[Start of section]

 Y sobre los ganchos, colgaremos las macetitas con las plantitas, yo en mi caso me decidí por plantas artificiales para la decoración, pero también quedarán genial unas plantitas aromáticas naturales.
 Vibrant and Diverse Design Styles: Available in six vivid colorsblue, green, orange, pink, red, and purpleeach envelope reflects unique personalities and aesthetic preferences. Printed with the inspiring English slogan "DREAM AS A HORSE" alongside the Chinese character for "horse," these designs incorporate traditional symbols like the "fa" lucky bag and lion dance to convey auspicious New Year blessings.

[End of section]
[Start of section]

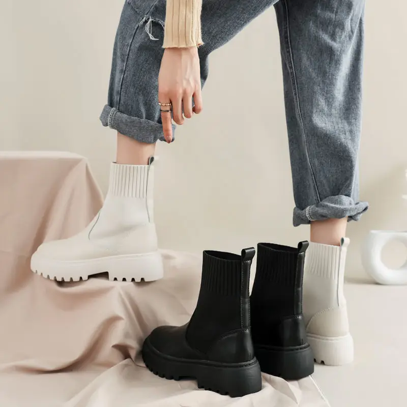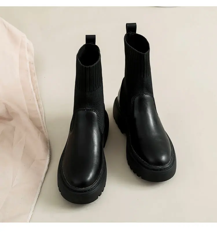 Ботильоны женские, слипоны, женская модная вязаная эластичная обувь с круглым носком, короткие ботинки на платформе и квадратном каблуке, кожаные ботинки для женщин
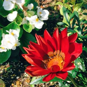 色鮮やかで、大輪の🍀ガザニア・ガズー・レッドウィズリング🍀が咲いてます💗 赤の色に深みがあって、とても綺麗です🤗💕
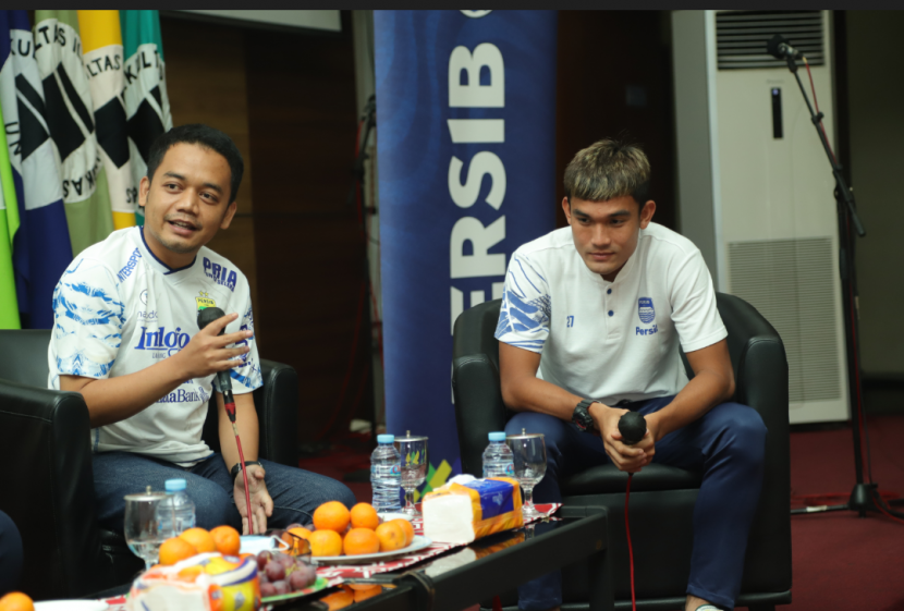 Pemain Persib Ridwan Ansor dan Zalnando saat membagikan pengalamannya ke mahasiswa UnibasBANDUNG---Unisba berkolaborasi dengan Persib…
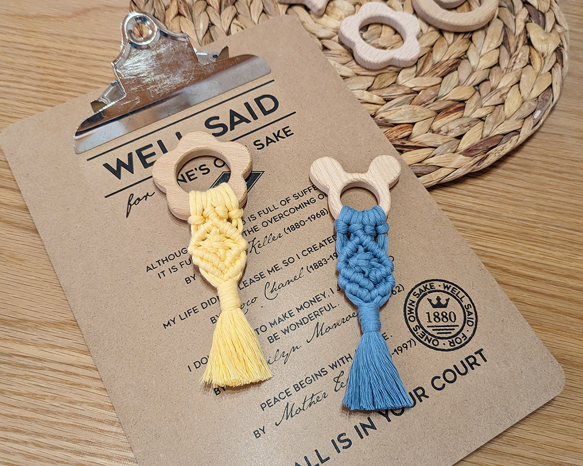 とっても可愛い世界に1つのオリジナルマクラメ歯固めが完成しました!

[End of section]
[Start of section]

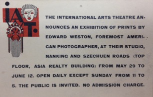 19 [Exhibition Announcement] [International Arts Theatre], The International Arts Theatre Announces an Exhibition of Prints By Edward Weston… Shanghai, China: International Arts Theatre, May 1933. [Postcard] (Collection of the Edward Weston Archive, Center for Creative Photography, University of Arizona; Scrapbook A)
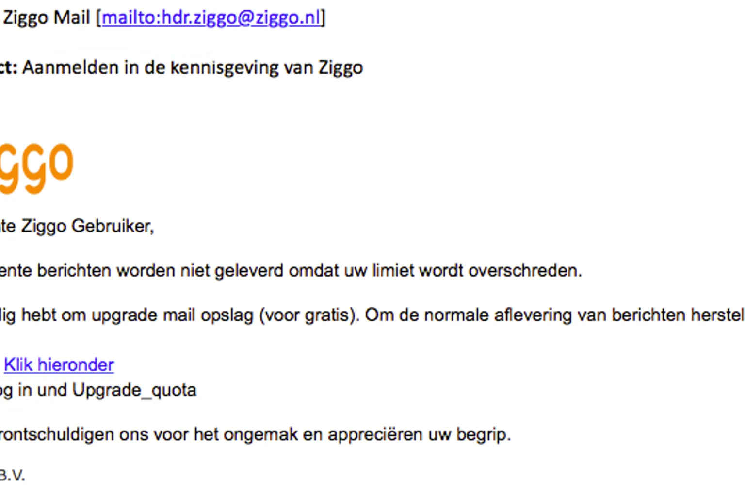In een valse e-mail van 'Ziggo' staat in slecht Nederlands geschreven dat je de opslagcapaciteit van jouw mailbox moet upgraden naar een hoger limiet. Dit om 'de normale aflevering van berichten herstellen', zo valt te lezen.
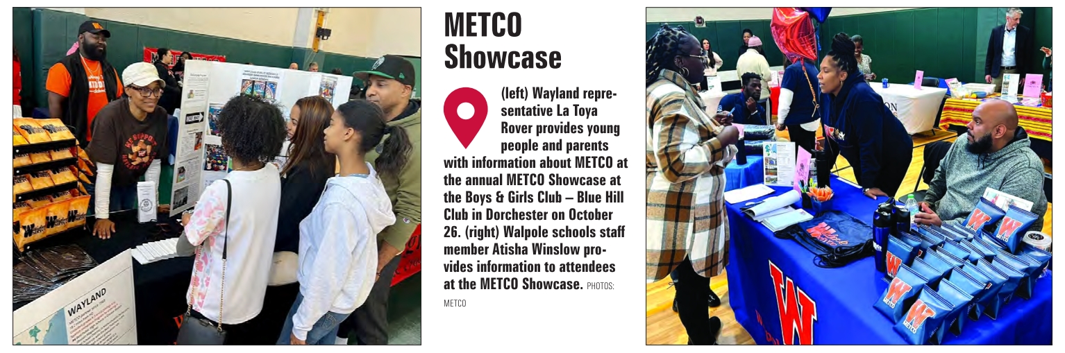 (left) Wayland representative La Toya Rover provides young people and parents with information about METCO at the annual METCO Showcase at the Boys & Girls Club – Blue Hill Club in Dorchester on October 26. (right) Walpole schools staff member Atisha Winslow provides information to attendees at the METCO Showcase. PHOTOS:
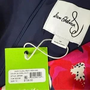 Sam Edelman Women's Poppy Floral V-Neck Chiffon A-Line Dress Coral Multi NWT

[End of section]

* [Assignment]: Among the records above, only the lines between the line holding "Y sobre los" and the line holding "Vibrant and Diverse", inclusive, are to be output, exactly as written.

* [Task solution]:
 Y sobre los ganchos, colgaremos las macetitas con las plantitas, yo en mi caso me decidí por plantas artificiales para la decoración, pero también quedarán genial unas plantitas aromáticas naturales.
 Vibrant and Diverse Design Styles: Available in six vivid colorsblue, green, orange, pink, red, and purpleeach envelope reflects unique personalities and aesthetic preferences. Printed with the inspiring English slogan "DREAM AS A HORSE" alongside the Chinese character for "horse," these designs incorporate traditional symbols like the "fa" lucky bag and lion dance to convey auspicious New Year blessings.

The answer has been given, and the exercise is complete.